Dancing Closer Along the Edge

Part of my anxieties about potentially transition are because I didn’t feel like I was female from the time I was four — plus years of assuming I wasn’t seen as female — make it a lot easier for me than some other people to focus on how people are behaving towards me, not what they’re thinking.

But I’m working to internalize the advice in this essay: “How to Love Being a Non-Passing Trans Woman in 9 Affirming Steps” Albeit I’m still finding #2 a challenge.

However, it’s clear things are changing in significant and probably permanent ways. It’s just not clear how far the road I need to go.

With a number of months of partial-“real life experience” (i.e. full-time not the weekends, etc.) I think I have a reasonable idea what a post-transition life looks like — which the huge caveat that I don’t know what the workplace would be like.

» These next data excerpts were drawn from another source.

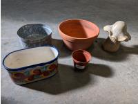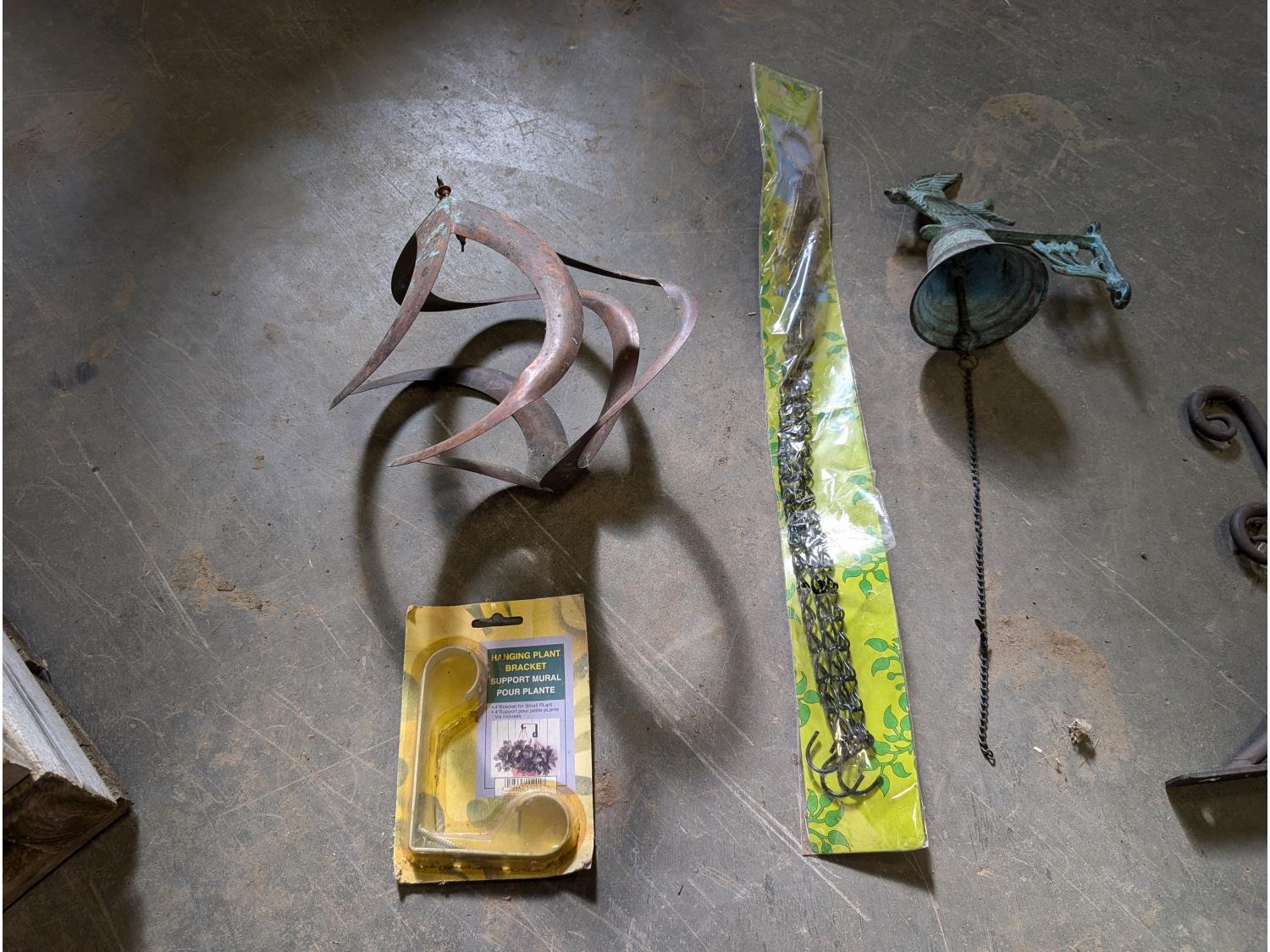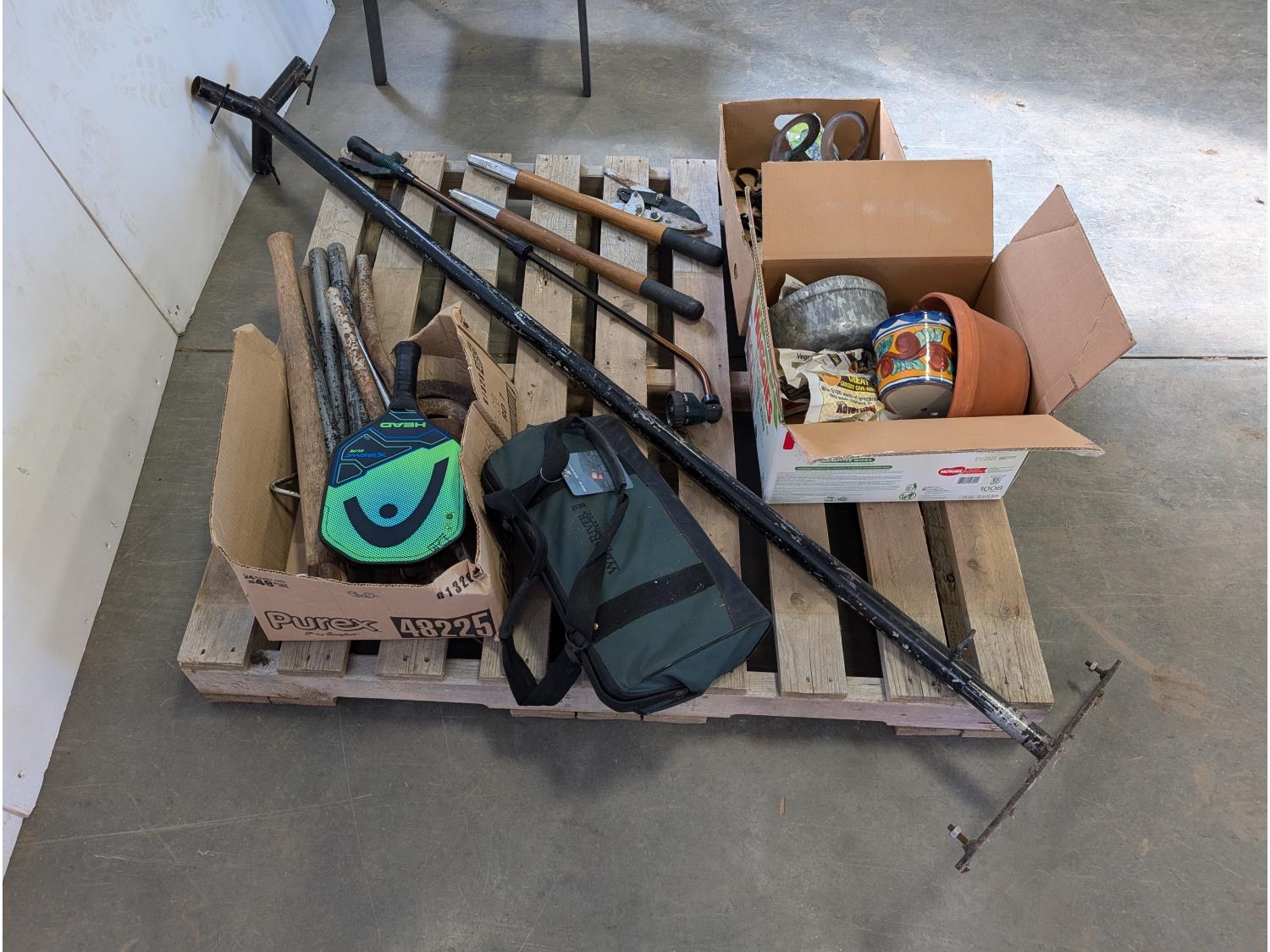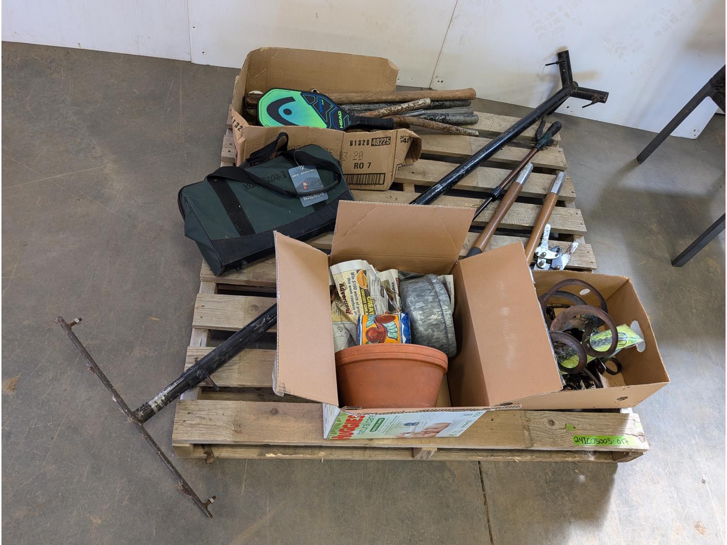 Patio chair, horseshoe game, bocce ball set, plant pots, garden decor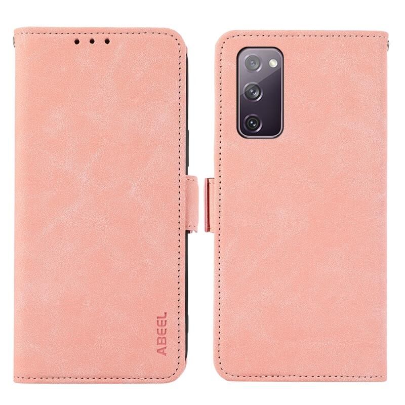 Θήκη κινητού τηλεφώνου Samsung Galaxy S20 FE ABEEL παγωμένη μαγνητική δερμάτινη με προστασία RFID (Ροζ)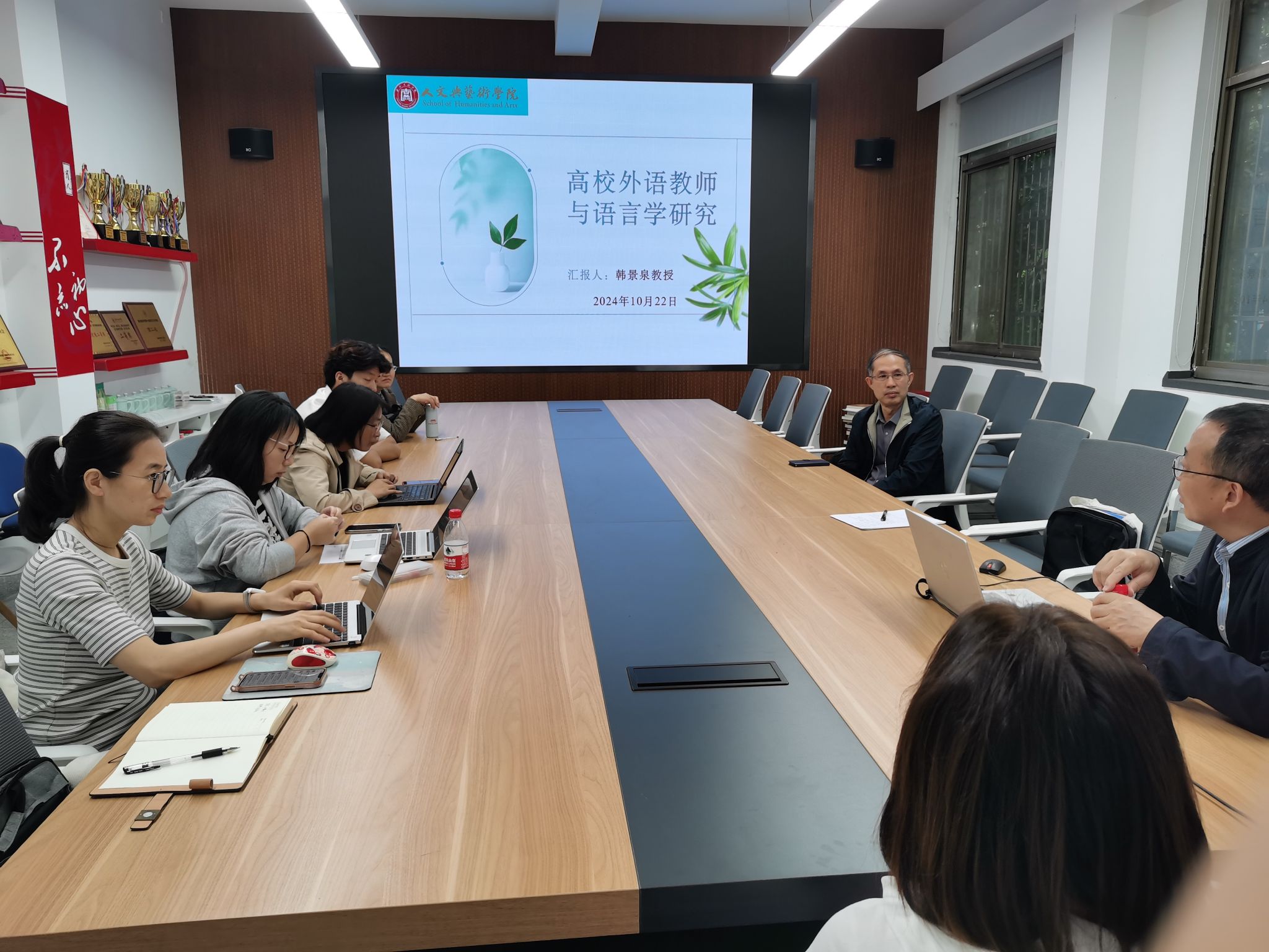 10月22日上午,广东外语外贸大学云山杰出学者、二级教授、博士生导师韩景泉教授应邀作客beat365文心讲堂,围绕“高校外语教师与语言学研究”主题为英语专业师生作学术讲座。学院党委书记王晨、英语专业全体教师、基础英语部教师及部分学生参加了本次讲座。讲座由英语专业负责人李柽杨主持。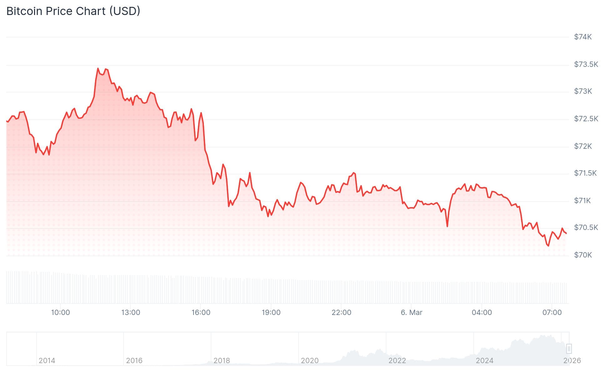 Bitcoin fiel von 73.500 Dollar auf knapp unter 71.000 Dollar. Und heute Morgen ist er noch etwas weiter auf knapp über 70.000 Dollar gesunken.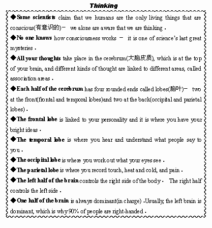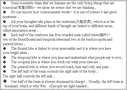 | ·Some scientists claim that we humans are the only living things that are conscious(有意识的)—we alone are aware that we are thinking. ·No one knows how consciousness works—it is one of science’s last great mysteries. ·All your thoughts take place in the cerebrum(大脑皮质),which is at the top of your brain,and different kinds of thought are linked to different areas,called association areas. ·Each half of the cerebrum has four rounded ends called lobes(脑叶)—two at the front(frontal and temporal lobes)and two at the back(occipital and parietal lobes). ·The frontal lobe is linked to your personality and it is where you have your bright ideas. ·The temporal lobe is where you hear and understand what people say to you. ·The occipital lobe is where you work out what your eyes see. ·The parietal lobe is where you record touch,heat and cold,and pain. ·The left half of the brain controls the right side of the body.The right half controls the left side. ·One half of the brain is always dominant(in charge).Usually,the left brain is dominant,which is why 90% of people are right-handed. |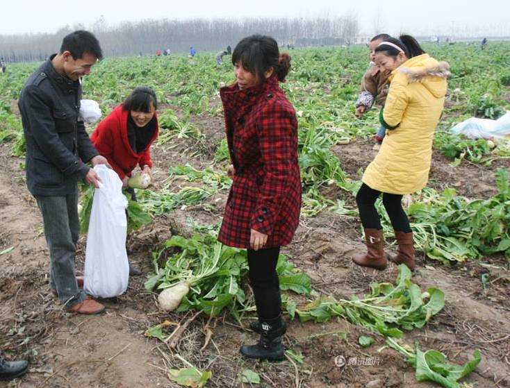 2011年11月25日,河南鄭州,農民韓崗的80多畝蘿卜滯銷,他決定免費贈送給市民食用。媒體刊登消息後,引來三萬人拔蘿卜。蘿卜拔光了,種的紅薯也被偷挖走2萬斤。幾天來,韓崗家損失了數萬元。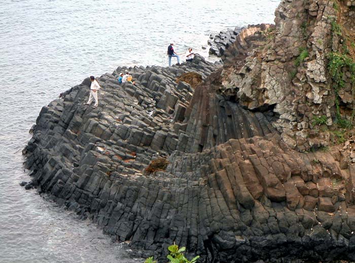 第一印象は、海へ向かって立つ巨大な岩礁がきちんと刻まれた沢山の岩柱のように見えることです。それらの柱の断面は六角形、あるいは円柱型をしています。数万もの岩柱は数万もの皿が重なったように丸い石が、60から80センチぐらいの高さになっています。遠くから見るとまるで、巨大な蜂の巣のように折り重なっています。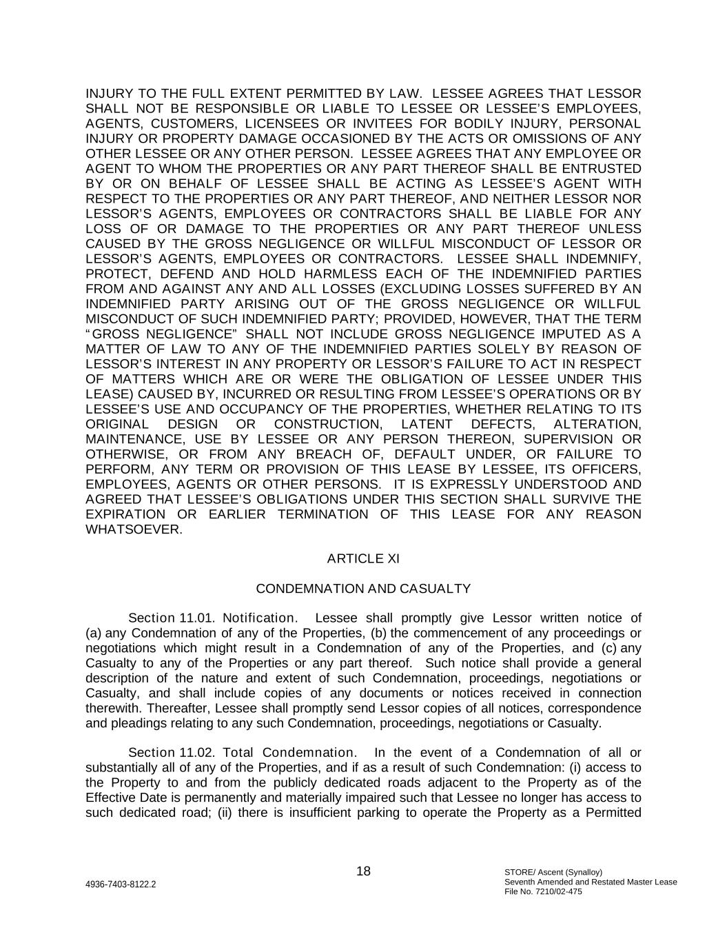 STORE/ Ascent (Synalloy) Seventh Amended and Restated Master Lease File No. 7210/02-475 18 4936-7403-8122.2 INJURY TO THE FULL EXTENT PERMITTED BY LAW. LESSEE AGREES THAT LESSOR SHALL NOT BE RESPONSIBLE OR LIABLE TO LESSEE OR LESSEE’S EMPLOYEES, AGENTS, CUSTOMERS, LICENSEES OR INVITEES FOR BODILY INJURY, PERSONAL INJURY OR PROPERTY DAMAGE OCCASIONED BY THE ACTS OR OMISSIONS OF ANY OTHER LESSEE OR ANY OTHER PERSON. LESSEE AGREES THAT ANY EMPLOYEE OR AGENT TO WHOM THE PROPERTIES OR ANY PART THEREOF SHALL BE ENTRUSTED BY OR ON BEHALF OF LESSEE SHALL BE ACTING AS LESSEE’S AGENT WITH RESPECT TO THE PROPERTIES OR ANY PART THEREOF, AND NEITHER LESSOR NOR LESSOR’S AGENTS, EMPLOYEES OR CONTRACTORS SHALL BE LIABLE FOR ANY LOSS OF OR DAMAGE TO THE PROPERTIES OR ANY PART THEREOF UNLESS CAUSED BY THE GROSS NEGLIGENCE OR WILLFUL MISCONDUCT OF LESSOR OR LESSOR’S AGENTS, EMPLOYEES OR CONTRACTORS. LESSEE SHALL INDEMNIFY, PROTECT, DEFEND AND HOLD HARMLESS EACH OF THE INDEMNIFIED PARTIES FROM AND AGAINST ANY AND ALL LOSSES (EXCLUDING LOSSES SUFFERED BY AN INDEMNIFIED PARTY ARISING OUT OF THE GROSS NEGLIGENCE OR WILLFUL MISCONDUCT OF SUCH INDEMNIFIED PARTY; PROVIDED, HOWEVER, THAT THE TERM “GROSS NEGLIGENCE” SHALL NOT INCLUDE GROSS NEGLIGENCE IMPUTED AS A MATTER OF LAW TO ANY OF THE INDEMNIFIED PARTIES SOLELY BY REASON OF LESSOR’S INTEREST IN ANY PROPERTY OR LESSOR’S FAILURE TO ACT IN RESPECT OF MATTERS WHICH ARE OR WERE THE OBLIGATION OF LESSEE UNDER THIS LEASE) CAUSED BY, INCURRED OR RESULTING FROM LESSEE’S OPERATIONS OR BY LESSEE’S USE AND OCCUPANCY OF THE PROPERTIES, WHETHER RELATING TO ITS ORIGINAL DESIGN OR CONSTRUCTION, LATENT DEFECTS, ALTERATION, MAINTENANCE, USE BY LESSEE OR ANY PERSON THEREON, SUPERVISION OR OTHERWISE, OR FROM ANY BREACH OF, DEFAULT UNDER, OR FAILURE TO PERFORM, ANY TERM OR PROVISION OF THIS LEASE BY LESSEE, ITS OFFICERS, EMPLOYEES, AGENTS OR OTHER PERSONS. IT IS EXPRESSLY UNDERSTOOD AND AGREED THAT LESSEE’S OBLIGATIONS UNDER THIS SECTION SHALL SURVIVE THE EXPIRATION OR EARLIER TERMINATION OF THIS LEASE FOR ANY REASON WHATSOEVER. ARTICLE XI CONDEMNATION AND CASUALTY Section 11.01. Notification. Lessee shall promptly give Lessor written notice of (a) any Condemnation of any of the Properties, (b) the commencement of any proceedings or negotiations which might result in a Condemnation of any of the Properties, and (c) any Casualty to any of the Properties or any part thereof. Such notice shall provide a general description of the nature and extent of such Condemnation, proceedings, negotiations or Casualty, and shall include copies of any documents or notices received in connection therewith. Thereafter, Lessee shall promptly send Lessor copies of all notices, correspondence and pleadings relating to any such Condemnation, proceedings, negotiations or Casualty. Section 11.02. Total Condemnation. In the event of a Condemnation of all or substantially all of any of the Properties, and if as a result of such Condemnation: (i) access to the Property to and from the publicly dedicated roads adjacent to the Property as of the Effective Date is permanently and materially impaired such that Lessee no longer has access to such dedicated road; (ii) there is insufficient parking to operate the Property as a Permitted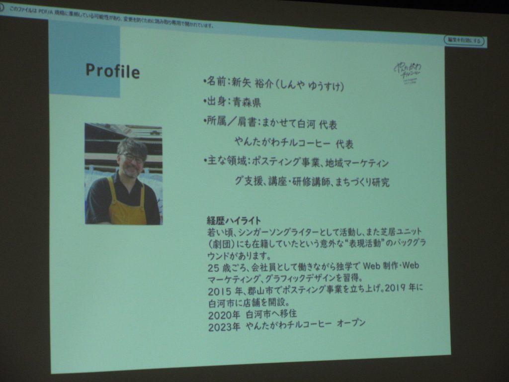 参加者のみなさんからの質疑応答では、白河でなにかやってみたいという想いはあるものの、まだ自分に何ができるのか?何がやりたいのか明確になっていない…足踏み状態…というご意見が多くありました。ゲストのお二人が歩んできた道が決して1本道であったわけではなく、小さなきっかけから枝分かれのように派生していっているというお話を聞き、参加者のみなさんの気持ちも少し楽になったのではないでしょうか。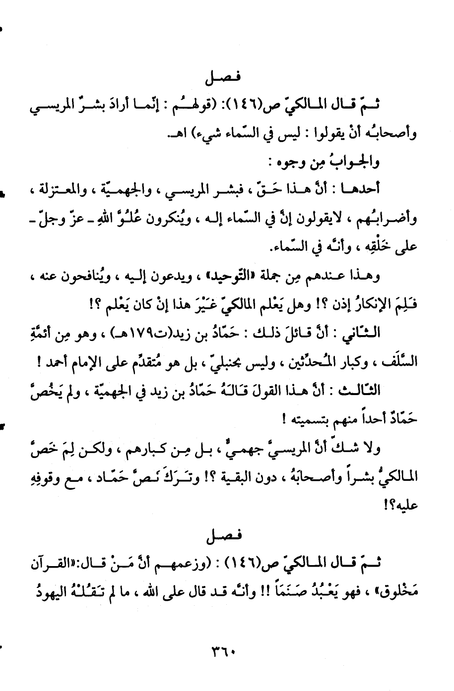 فصل ثم قال المالكي ص (146) : (قولهم: إنما أراد بشر المريسي وأصحابه أن يقولوا: ليس في السماء شيء) اهـ.

Sadly, I’m sure it would be very different given I work in Silicon Valley — because gender discrimination.

It is a balancing act between feeling like “I’m sick of this shit, I wanna be done with it” vs. knowing that a step-by-step approach is the best one. Realistically I’ve probably got another eight months of electrolysis so even if I wanted to strap myself to the Pink Rocket Sled, it’s not practical to do it before then.

Although I am interested in getting facial feminization surgery, what I want done is reasonably subtle enough that it’s not necessarily a point of no return. Most people don’t notice hair transplants anyway, and if they do, a number of men my age get them. Obviously a nose pretty noticeable, but I can chalk it up to other reasons. Getting a lip lift and raising the eyebrows/opening the eye orbits, does make a big difference in feminizing my face from what I can tell from playing around with the photos from Virtual FFS, albeit it’s still a subtle difference since my face is surprising androgynous to begin with. But definitely something to me mindful of.

Breast implants definitely would mean transitioning. So a key factor will be how dysphoric I feel about not having larger (height/weight-proportionate) breasts beyond what hormones might do.